Extreme Period for a Physical Pendulum

[whitetiger]

Homework Statement

http://img120.imageshack.us/img120/808/periodicemotionhd3.jpg solid, uniform disk of mass M and radius a may be rotated about any axis parallel to the disk axis, at variable distances from the center of the disk

If you use this disk as a pendulum bob, what is T(d), the period of the pendulum, if the axis is a distance d from the center of mass of the disk?

and

The period of the pendulum has an extremum (a local maximum or a local minimum) for some value of d between zero and infinity. Is it a local maximum or a local minimum?

Homework Equations

From the picture, I come up with the moment of inertia of the solid disk around its center of mass
I = 1/2Ma^2
From the question, we are asked to find the period of the pendulum if the axis distance d from the center of mass.

The period T for this is P= 2pi (sqrt L/g) where g is the gravitation force
and L is the lenght.
From my understanding is that because of the new lenght, we need to use the Parallel Theorem to find the new lenght

I am not sure about this, so hope someone can help

Iend = Icm + Md^2
Iend = 1/2Ma^2 + Md^2

So the period is P = 2pi (sqrt(( a^2 +d^2)/g))
But this is not correct.

Thank

 

[radou]

Good thoughts, but your expression for the period doesn't seem correct. You may want to look at this: http://hyperphysics.phy-astr.gsu.edu/hbase/pendp.html" . Your period expression has to include the moment of inertia.

 

[whitetiger]

Good thoughts, but your expression for the period doesn't seem correct.
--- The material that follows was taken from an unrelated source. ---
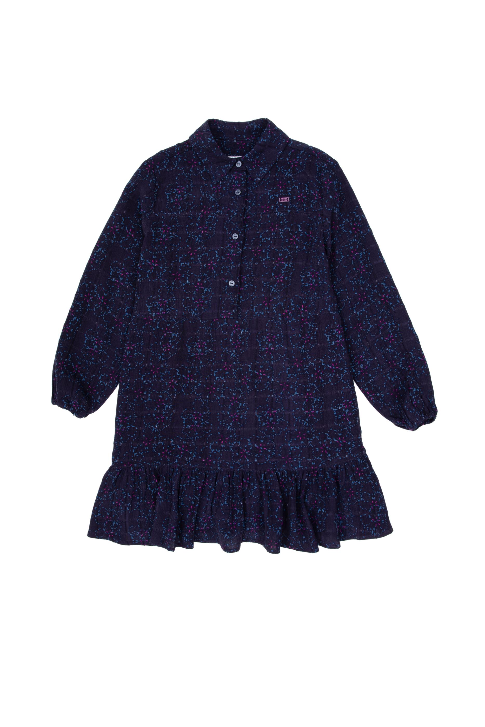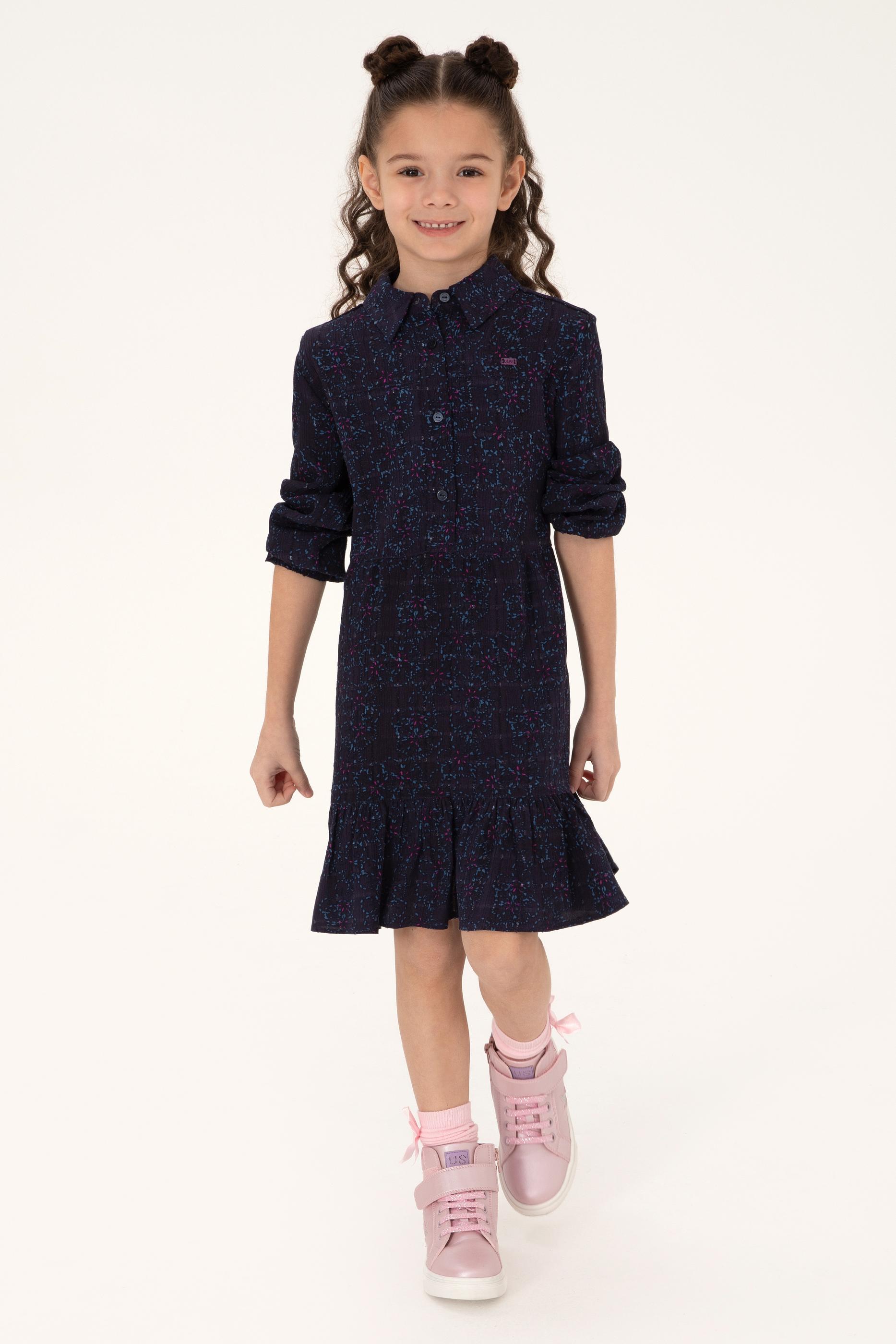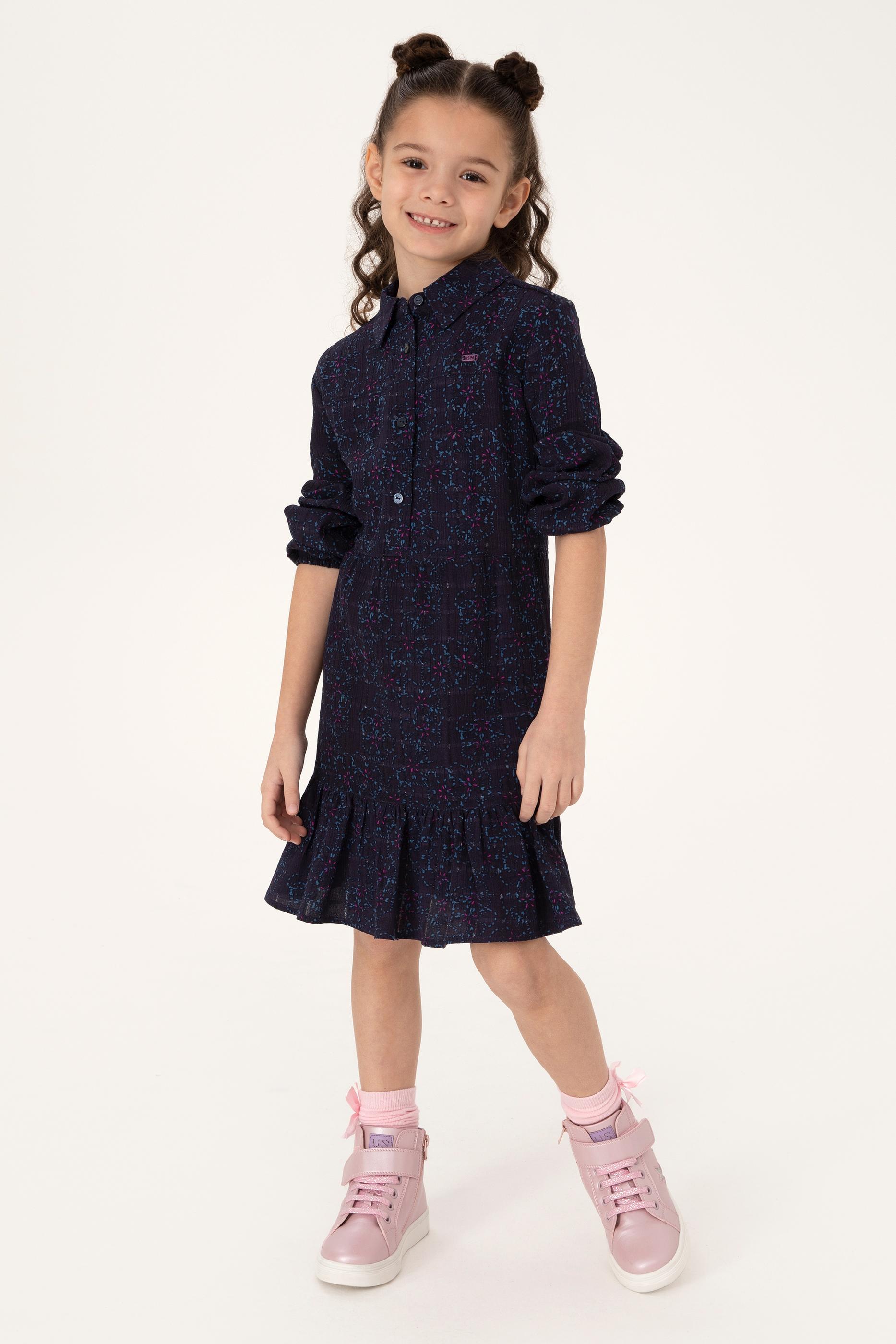 Kız Çocuk Lacivert Dokuma Elbise
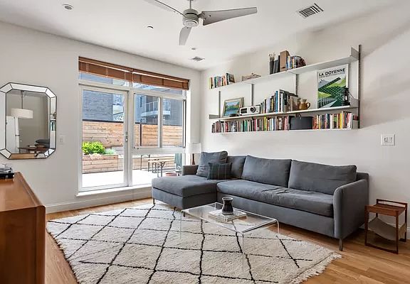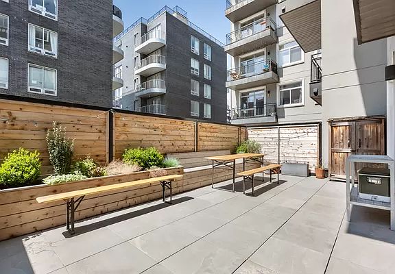 1E at 100 Engert Avenue is a true needle in the haystack amongst a sea of cookie-cutter inventory in Greenpoint and Williamsburg. Situated only moments from McCarren Park, this oversized, beautifully designed one bedroom spans 820 square feet and features a 350 square foot private patio. A notable detail of this property is that despite the first floor designation, the elevation of this unit is on the 2nd floor of the building, so light, air and exposure is significantly above street level. This mint-condition home offers stunning natural light, an abundance of outdoor space, high ceilings and a newly gut renovated bathroom. There is also an additional 300 square foot private cabana included in the price. Enter the home into a large foyer with space for an entry bench, large scale art and two sizable closets. The open concept entertaining area features a well appointed kitchen with a large island, carrera marble countertops, oversized farmhouse sink and a retro-style Big Chill refrigerator. There is also an adjacent dining area and additional space for a home office. Connected to the west-facing living room is a 26' x 13'8" patio clad in cedar fencing with built-in benches, planters, and 350 square feet of prime outdoor living space. Enjoy west, south and northern light from your own private patio perched above the building's first floor. The bedroom is oversized and can easily accommodate a king size bed and also features a walk-in closet, and newly renovated bathroom with a deep soaking tub clad in Heath Ceramics tile, custom white oak vanity, and tons of customized storage. 1E also features an in-unit washer/dryer and an additional 300 square foot deeded rooftop space with views of downtown Manhattan. Conveniently located near both the G & L trains, 100 Engert Avenue is a park-adjacent elevator condominium with a tax abatement, common roof deck, video intercom system and fitness center.

You may want to look at this: http://hyperphysics.phy-astr.gsu.edu/hbase/pendp.html" . Your period expression has to include the moment of inertia.

So is this right :

I = 1/2Ma^2

P = P= 2pi (sqrt 1/2Ma^2/(1/2Mgd^2)) == then we can cancel out the M to get

P = 2pi (sqrt 1/2a^2/(1/2gD^2)) === cancel 1/2 ===

P = sqrt(a^2/gd^2)

 

[OlderDan]

So is this right :

I = 1/2Ma^2

P = P= 2pi (sqrt 1/2Ma^2/(1/2Mgd^2)) == then we can cancel out the M to get

P = 2pi (sqrt 1/2a^2/(1/2gD^2)) === cancel 1/2 ===

P = sqrt(a^2/gd^2)

You need to use the parallel axis theorem to find the moment of inertia of the disk about the pivot point. I don't see why you have a 1/2 in the denominator of the fraction. What became of the 2pi?

http://hyperphysics.phy-astr.gsu.edu/hbase/parax.html#pax

 

[whitetiger]

You need to use the parallel axis theorem to find the moment of inertia of the disk about the pivot point. I don't see why you have a 1/2 in the denominator of the fraction. What became of the 2pi?

http://hyperphysics.phy-astr.gsu.edu/hbase/parax.html#pax

Thank for the useful info.

Is this the correct moment of inertia of the disk about the pivot point.

I= 1/2Ma^2 + Md^2 = M ( 1/2a^2 + d^2)

So the period of the disk is

P = 2pi (sqrt (M(1/2a^2 + d^2))

 

[OlderDan]

Thank for the useful info.

Is this the correct moment of inertia of the disk about the pivot point.

I= 1/2Ma^2 + Md^2 = M ( 1/2a^2 + d^2)

So the period of the disk is

P = 2pi (sqrt (M(1/2a^2 + d^2))

No. Check the formula for the period of a physical pendulum

http://hyperphysics.phy-astr.gsu.edu/hbase/pendp.html

 

[whitetiger]

No. Check the formula for the period of a physical pendulum

http://hyperphysics.phy-astr.gsu.edu/hbase/pendp.html

I think I've got it.

P = 2pi(sqrt(a^2/2gd + d/g))

If you look at this, how can you determine whether it has a local maximum or local minimum for some value of d?

 

[OlderDan]

I think I've got it.

P = 2pi(sqrt(a^2/2gd + d/g))

If you look at this, how can you determine whether it has a local maximum or local minimum for some value of d?

Take a derivative wrt d and set it to zero to see if there is an extremum. If there is one, determine if it is a max or min. If you have not taken calculus, graph it.